Instructions to follow :: Retype each entry below exactly. Do not carry any image over.

(Information given)

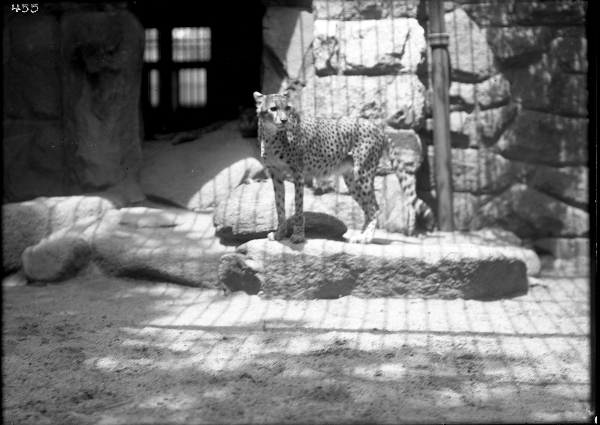 African cheetah in exterior enclosure of the Lion House at the National Zoological Park.
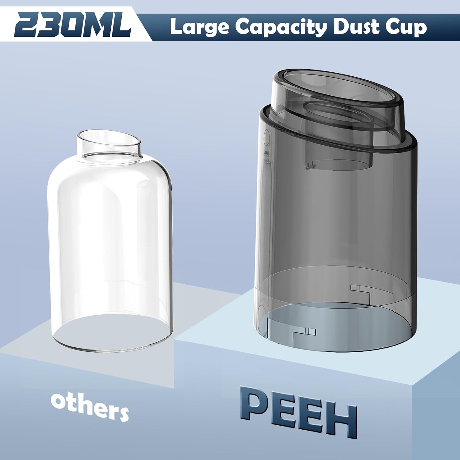- HIGH-EFFICIENCY FILTER SYSTEM - The PEEH handheld vacuum cleaner has a multi-layer, high-density advanced filtration system that effectively captures micro 99.99% of small dust. Ensure clean air, suitable for families with allergies.
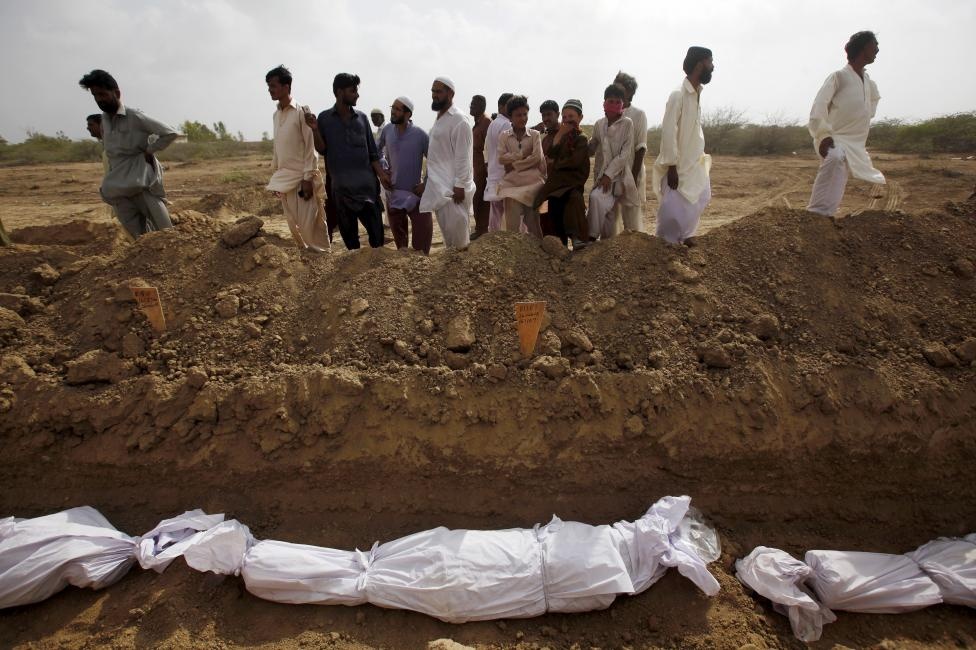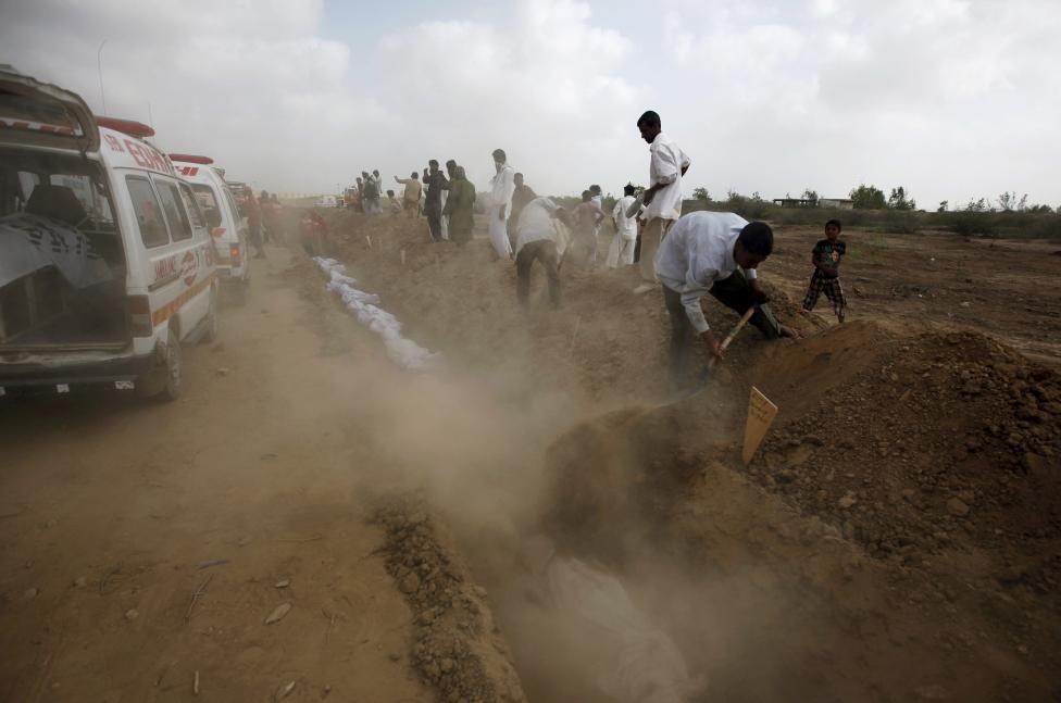 Trong ngày 26 và 27/6, nhà chức trách Pakistan chôn tập thể 140 người chết vì nắng. Reuters dẫn lời người phụ trách Tổ chức từ thiện Edhi cho biết, tính tới ngày 26/5, số nạn nhân thiệt mạng vì nắng nóng đã lên tới 1.150, với 200 tử thi chưa thể xác định danh tính. Giới chức huy động máy xúc để đào mộ. |
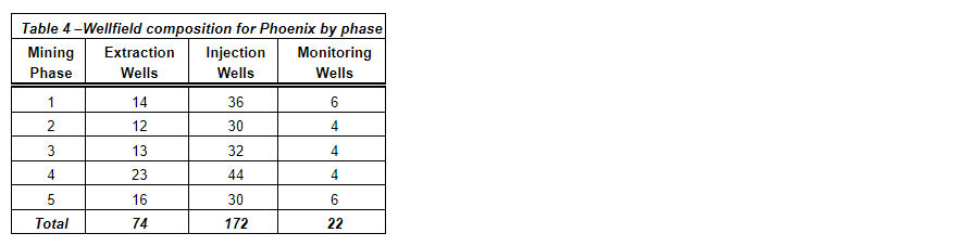 Based on the results of the mine planning process, mining activities have been divided into five phases, with a total of 74 extraction wells, 172 injection wells and 22 monitoring wells, as outlined in the table entitled "Wellfield composition for Phoenix by phase."
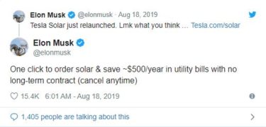 Elon Musk took to twitter early Sunday morning to pitch Tesla’s new solar rental program. Tesla’s sales pitch for choosing the rental option is that it will be cheaper, quicker, and less of a burden for homeowners to get solar panels on their roof.
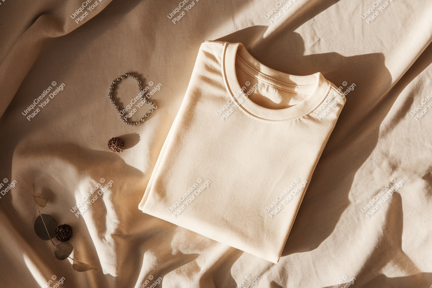 Similar Design Products to Folded cream t shirt with bracelet and dried botanicals
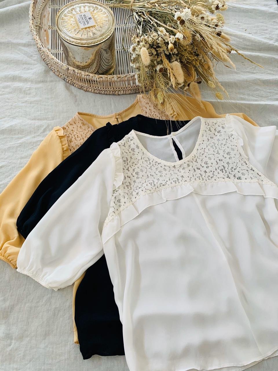 #Blusa #simil lino #manguita globo # manguita en encaje al tono #TALLE UNICO
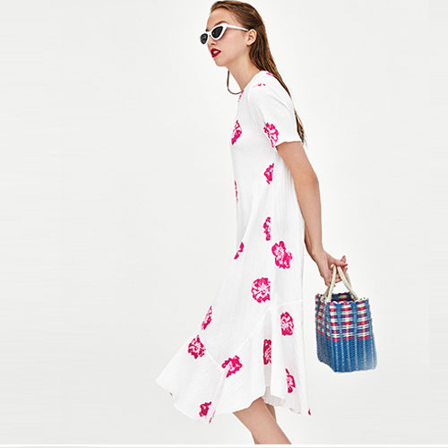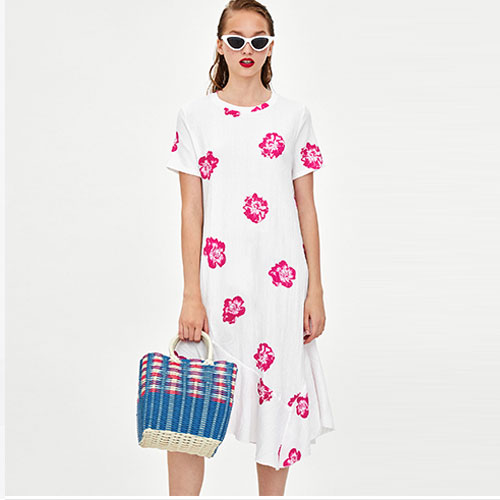 2018 New Surplice Wrap Tie Wias Floral printed textured dressShort sleeve
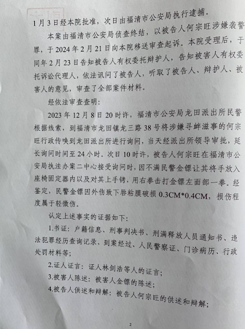 何宗旺被关押一个晚上,第二天10点,也就是12月9日,又让何宗旺做笔录,并给上手铐,何宗旺认为连传唤证都没有,只是询问,没有任何违法行为,不应该带手铐,一位警察强抓他的手,进行强制,何宗旺一甩,另一个警察也来强行给何宗旺带上手铐做笔录,又是问手机在哪?其中一个警察在9.12福州聚餐时到福州将其抓回龙田时也在现场。做完笔录之后,给了《行政处罚决定书》以9.12聚餐是寻衅滋事为由拘留15日,时间是2023年12月9日至12月24日。
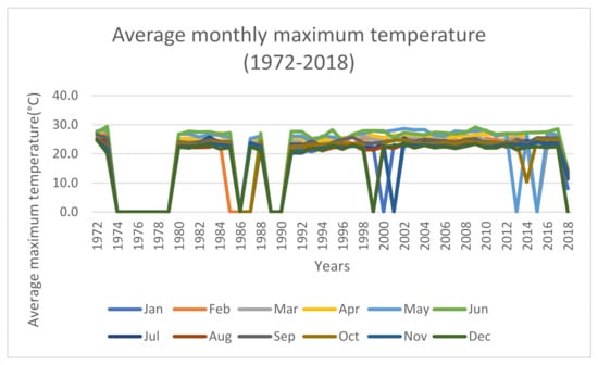 The study scrutinizes the historical climatic from 1972 to 2018 and the consequence this had on the ecosystem services in the Mekelle city region. Data were used from two metrological stations nearby stations in the Mekelle area (Mekelle airport and Mekelle observatory metrological head office). The zero values (Figure 6) are missing values. Some data across the observation were not acquired from metrological agencies.
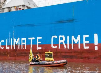Membros do Greenpeace escrevem mensagem em cargueiro com soja vinda do Brasil e alertam para destruição de florestas no país. Grupo exige que governo alemão proíba importação de commodity produzida em regiões desmatadas.
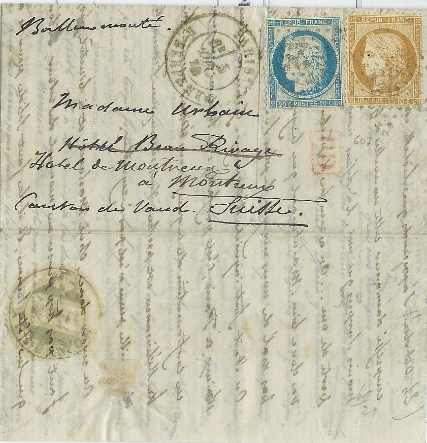 Brief nach Montreux,abgestempelt am 05.12.1870,6.Leerung
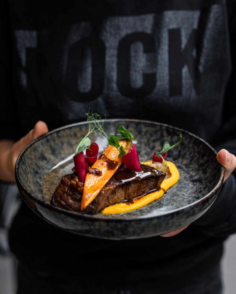Dans notre assiette, des ingrédients utilisés qui se marient parfaitement avec un bel équilibre en bouche. Du poisson (Saint-Pierre) à la viande (Boeuf ou Porc) en passant par des légumes selon la saisonnalité. Baïeta propose une petite pissaladière pour son entrée en scène, un délice visuel et gustatif. Avec cette petit touche niçoise, on retrouve toujours cette envie culinaire de la Méditerranée avec des mets savoureux, légers et frais.
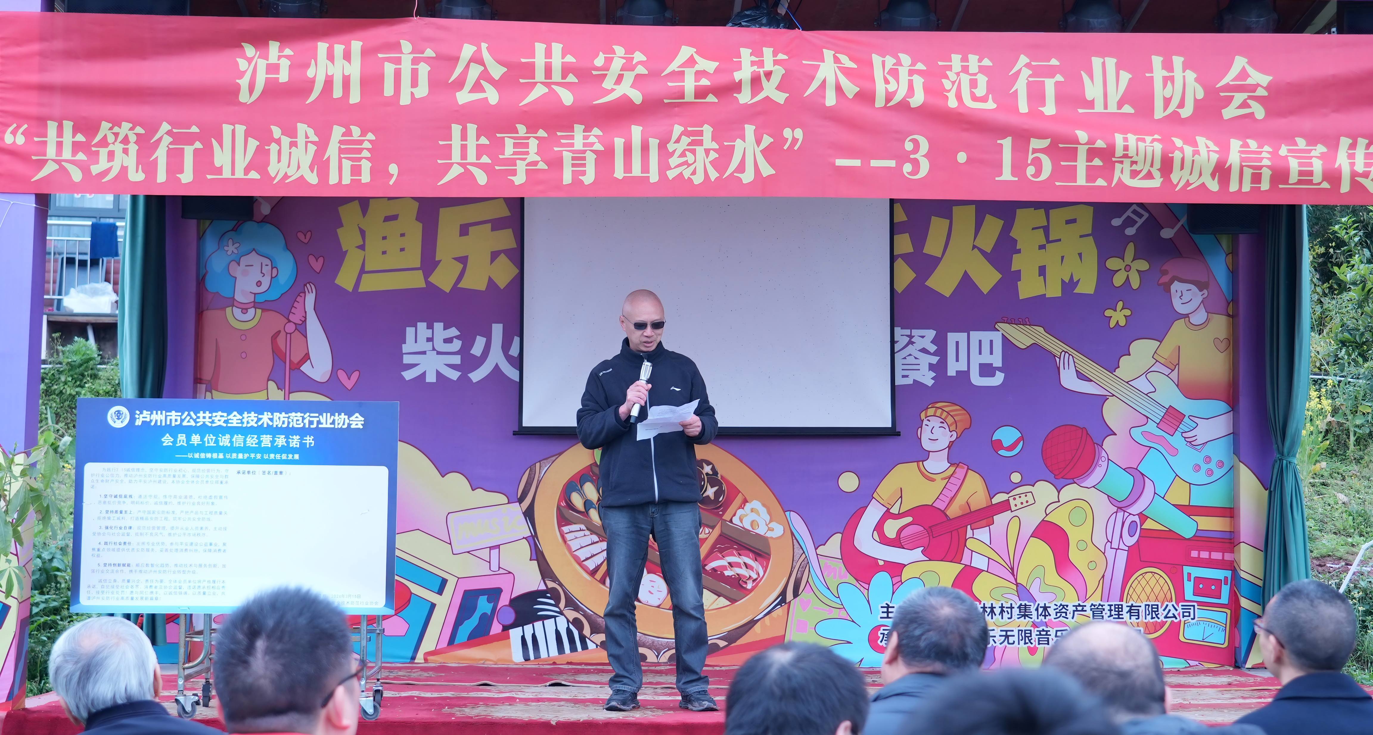 协会副会长吴晖在3・15“共筑诚信,共享青山绿水”主题宣贯会上,围绕诚信经营、行业自律、质量安全、服务规范等核心内容展开宣讲,号召全体会员单位坚守诚信底线、恪守行业准则、严把安防工程与产品质量关,以诚信立企、以品质兴业,共同维护泸州安防行业健康有序的市场环境,为平安泸州建设筑牢诚信基石。
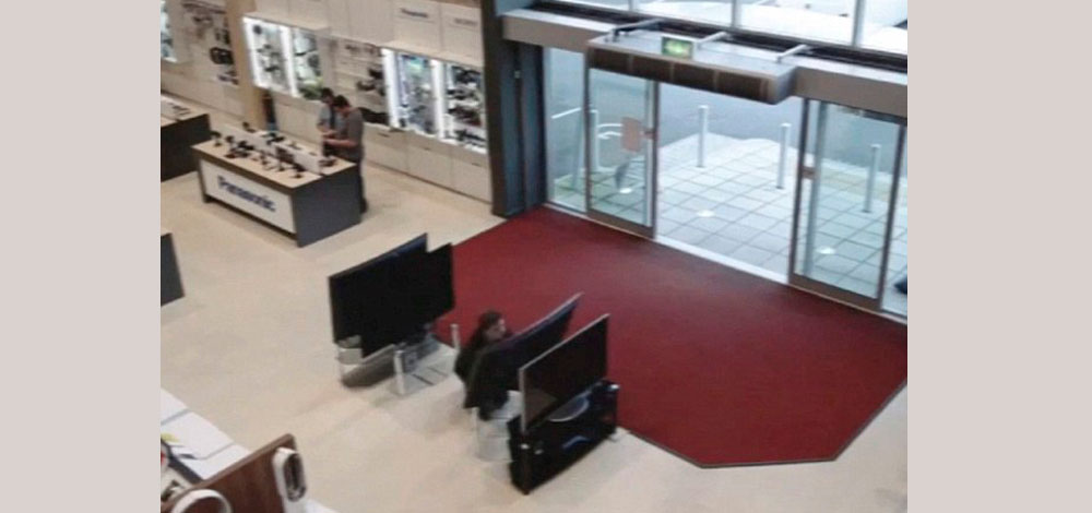 وقال إن التلفزيونات كانت قد تم وضعها بتلك الطريقة في مدخل المتجر كطريقة جديدة للعرض يمكن أن تجذب الزبائن.
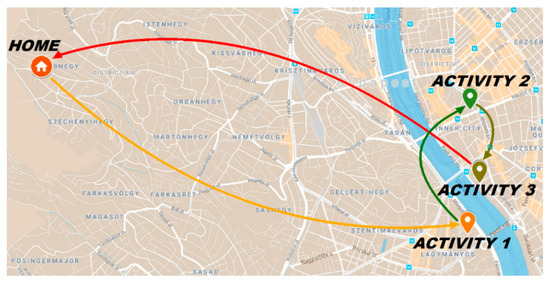 In Figure 6 and Figure 7, and Table 7 and Table 8, we present an instance of case 3 in more detail to show how an activity chain of the traveler is initially set and how it can change after applying our algorithm. In Figure 6, we can see the initial activity chain, and in Figure 7, we can see how the algorithm produces an optimal activity chain. The travel time of the tour depicted in Figure 6 is 70.75 minutes (min), while the tour depicted in Figure 7 takes 55.37 min. The figures present the spatial aspects of the initial and optimized activity chain, and the tables present the temporal attributes of the two activity chains.

(End Information given)

Result of the exercise ::
 African cheetah in exterior enclosure of the Lion House at the National Zoological Park.
- HIGH-EFFICIENCY FILTER SYSTEM - The PEEH handheld vacuum cleaner has a multi-layer, high-density advanced filtration system that effectively captures micro 99.99% of small dust. Ensure clean air, suitable for families with allergies.
 Trong ngày 26 và 27/6, nhà chức trách Pakistan chôn tập thể 140 người chết vì nắng. Reuters dẫn lời người phụ trách Tổ chức từ thiện Edhi cho biết, tính tới ngày 26/5, số nạn nhân thiệt mạng vì nắng nóng đã lên tới 1.150, với 200 tử thi chưa thể xác định danh tính. Giới chức huy động máy xúc để đào mộ. |
 Based on the results of the mine planning process, mining activities have been divided into five phases, with a total of 74 extraction wells, 172 injection wells and 22 monitoring wells, as outlined in the table entitled "Wellfield composition for Phoenix by phase."
 Elon Musk took to twitter early Sunday morning to pitch Tesla’s new solar rental program. Tesla’s sales pitch for choosing the rental option is that it will be cheaper, quicker, and less of a burden for homeowners to get solar panels on their roof.
 Similar Design Products to Folded cream t shirt with bracelet and dried botanicals
 #Blusa #simil lino #manguita globo # manguita en encaje al tono #TALLE UNICO
 2018 New Surplice Wrap Tie Wias Floral printed textured dressShort sleeve
 何宗旺被关押一个晚上,第二天10点,也就是12月9日,又让何宗旺做笔录,并给上手铐,何宗旺认为连传唤证都没有,只是询问,没有任何违法行为,不应该带手铐,一位警察强抓他的手,进行强制,何宗旺一甩,另一个警察也来强行给何宗旺带上手铐做笔录,又是问手机在哪?其中一个警察在9.12福州聚餐时到福州将其抓回龙田时也在现场。做完笔录之后,给了《行政处罚决定书》以9.12聚餐是寻衅滋事为由拘留15日,时间是2023年12月9日至12月24日。
 The study scrutinizes the historical climatic from 1972 to 2018 and the consequence this had on the ecosystem services in the Mekelle city region. Data were used from two metrological stations nearby stations in the Mekelle area (Mekelle airport and Mekelle observatory metrological head office). The zero values (Figure 6) are missing values. Some data across the observation were not acquired from metrological agencies.
Membros do Greenpeace escrevem mensagem em cargueiro com soja vinda do Brasil e alertam para destruição de florestas no país. Grupo exige que governo alemão proíba importação de commodity produzida em regiões desmatadas.
 Brief nach Montreux,abgestempelt am 05.12.1870,6.Leerung
Dans notre assiette, des ingrédients utilisés qui se marient parfaitement avec un bel équilibre en bouche. Du poisson (Saint-Pierre) à la viande (Boeuf ou Porc) en passant par des légumes selon la saisonnalité. Baïeta propose une petite pissaladière pour son entrée en scène, un délice visuel et gustatif. Avec cette petit touche niçoise, on retrouve toujours cette envie culinaire de la Méditerranée avec des mets savoureux, légers et frais.
 协会副会长吴晖在3・15“共筑诚信,共享青山绿水”主题宣贯会上,围绕诚信经营、行业自律、质量安全、服务规范等核心内容展开宣讲,号召全体会员单位坚守诚信底线、恪守行业准则、严把安防工程与产品质量关,以诚信立企、以品质兴业,共同维护泸州安防行业健康有序的市场环境,为平安泸州建设筑牢诚信基石。
 وقال إن التلفزيونات كانت قد تم وضعها بتلك الطريقة في مدخل المتجر كطريقة جديدة للعرض يمكن أن تجذب الزبائن.
 In Figure 6 and Figure 7, and Table 7 and Table 8, we present an instance of case 3 in more detail to show how an activity chain of the traveler is initially set and how it can change after applying our algorithm. In Figure 6, we can see the initial activity chain, and in Figure 7, we can see how the algorithm produces an optimal activity chain. The travel time of the tour depicted in Figure 6 is 70.75 minutes (min), while the tour depicted in Figure 7 takes 55.37 min. The figures present the spatial aspects of the initial and optimized activity chain, and the tables present the temporal attributes of the two activity chains.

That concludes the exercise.